2027 Slovenian presidential election
| Incumbent President Nataša Pirc Musar Independent |  |

= 2027 Slovenian presidential election =

Presidential elections are scheduled to be held in Slovenia by October 2027.

==Electoral system==
The President of Slovenia is elected using the two-round system; if no candidate receives a majority of the vote in the first round, the top two candidates contest a runoff.

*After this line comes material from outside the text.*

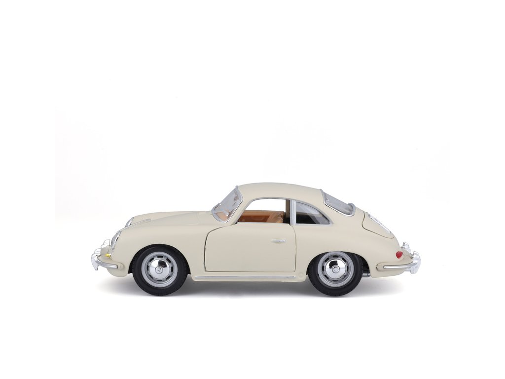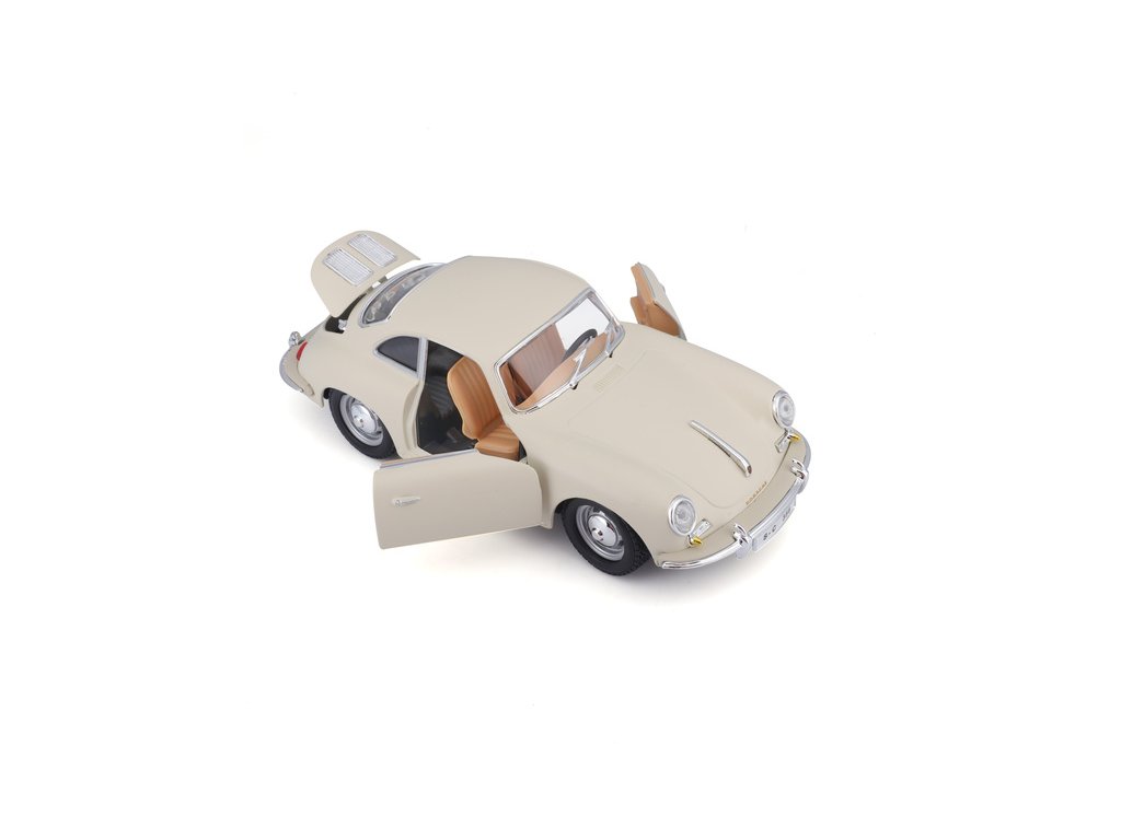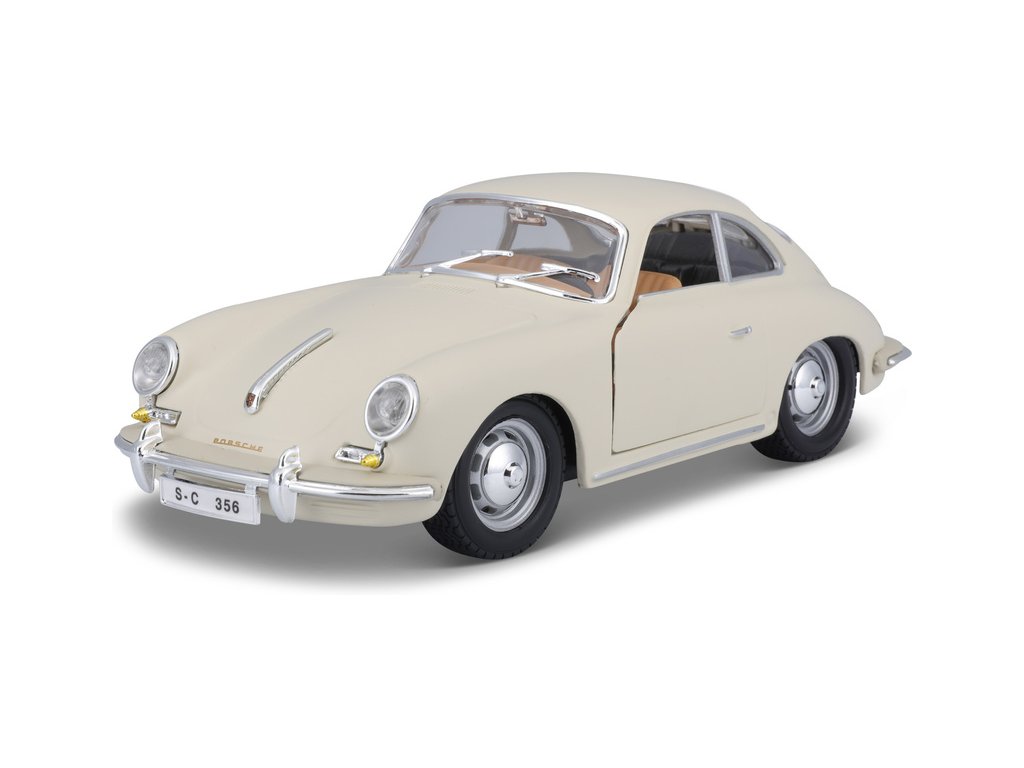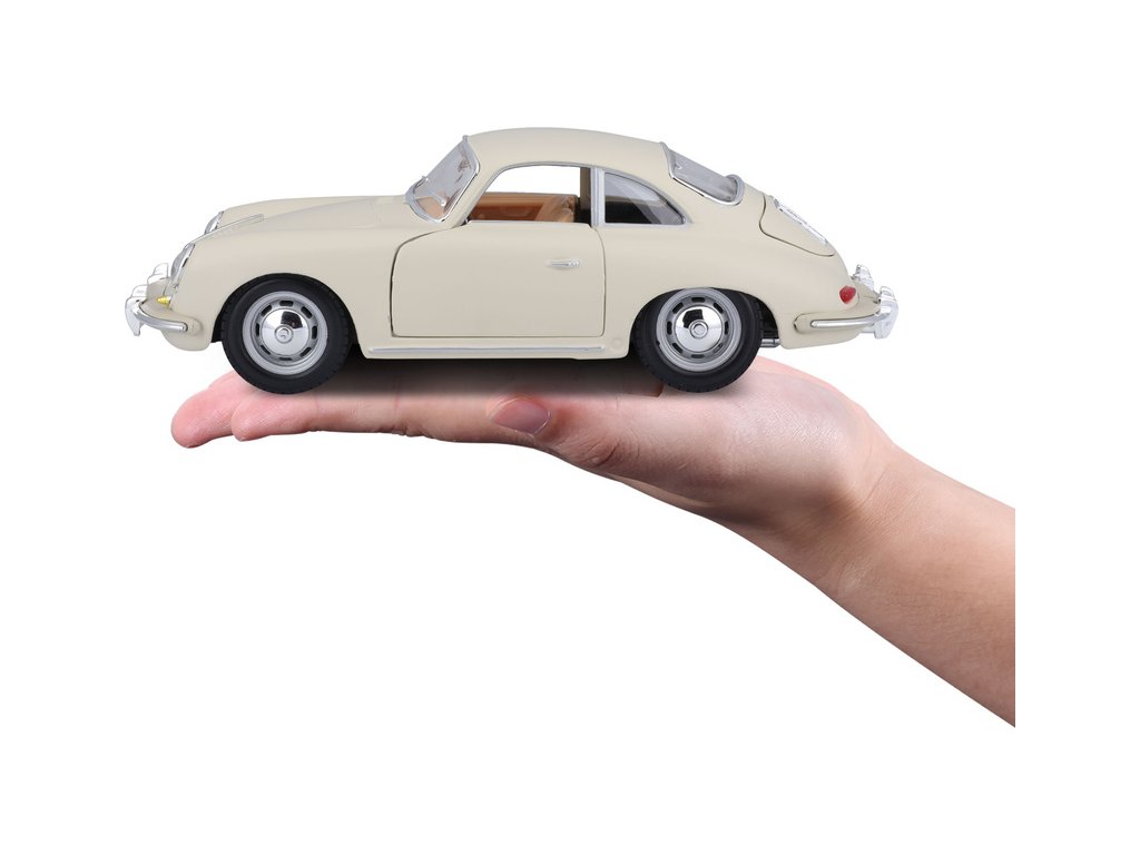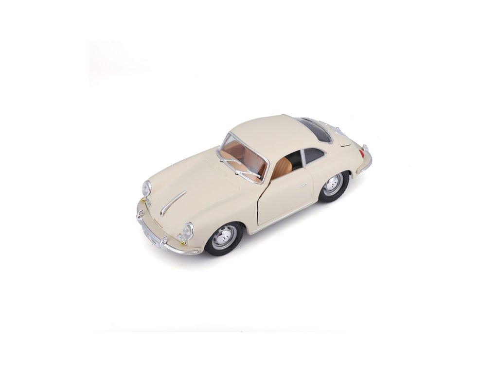 Kovový model auta 1:24 Bburago 18-22079 Porsche 356B Coupe (1961) nejen pro sběratele. Má otevírací dveře a kapotu, natáčení kol volantem je plně funkční. Barva modelu je krémová a je přibližně 18 cm velký.

Under Slovenia's election law, candidates for president are required to meet one of three criteria:

- The support of ten members of the National Assembly
- The support of one or more political parties and either three members of the National Assembly or signatures from 3,000 voters
- Signatures from 5,000 voters

Each political party could support only one candidate.

== Candidates ==
=== Declared ===

| Candidate | Born | Experience | Campaign announced | Ref |
|---|---|---|---|---|
| Alen Koman | October 9, 1988 (age 37) Zgornje Jezersko | Catholic commentator | June 25, 2026 |  |

==== Alen Koman ====
Alen Koman is a far-right political activist, Catholic commentator, and founder of the Straža Party, which he has led since its establishment in 2026. Prior to entering politics, Koman was known as the creator of Scutum Fidei, a media platform focused on Catholic traditionalism, conservative social values, and Slovenian national identity. Koman has frequently been regarded as a prominent figure within Slovenia's Catholic nationalist movement, most notably for his advocacy of traditional Christian values, opposition to abortion, criticism of immigration policies, and promotion of demographic and family-oriented policies.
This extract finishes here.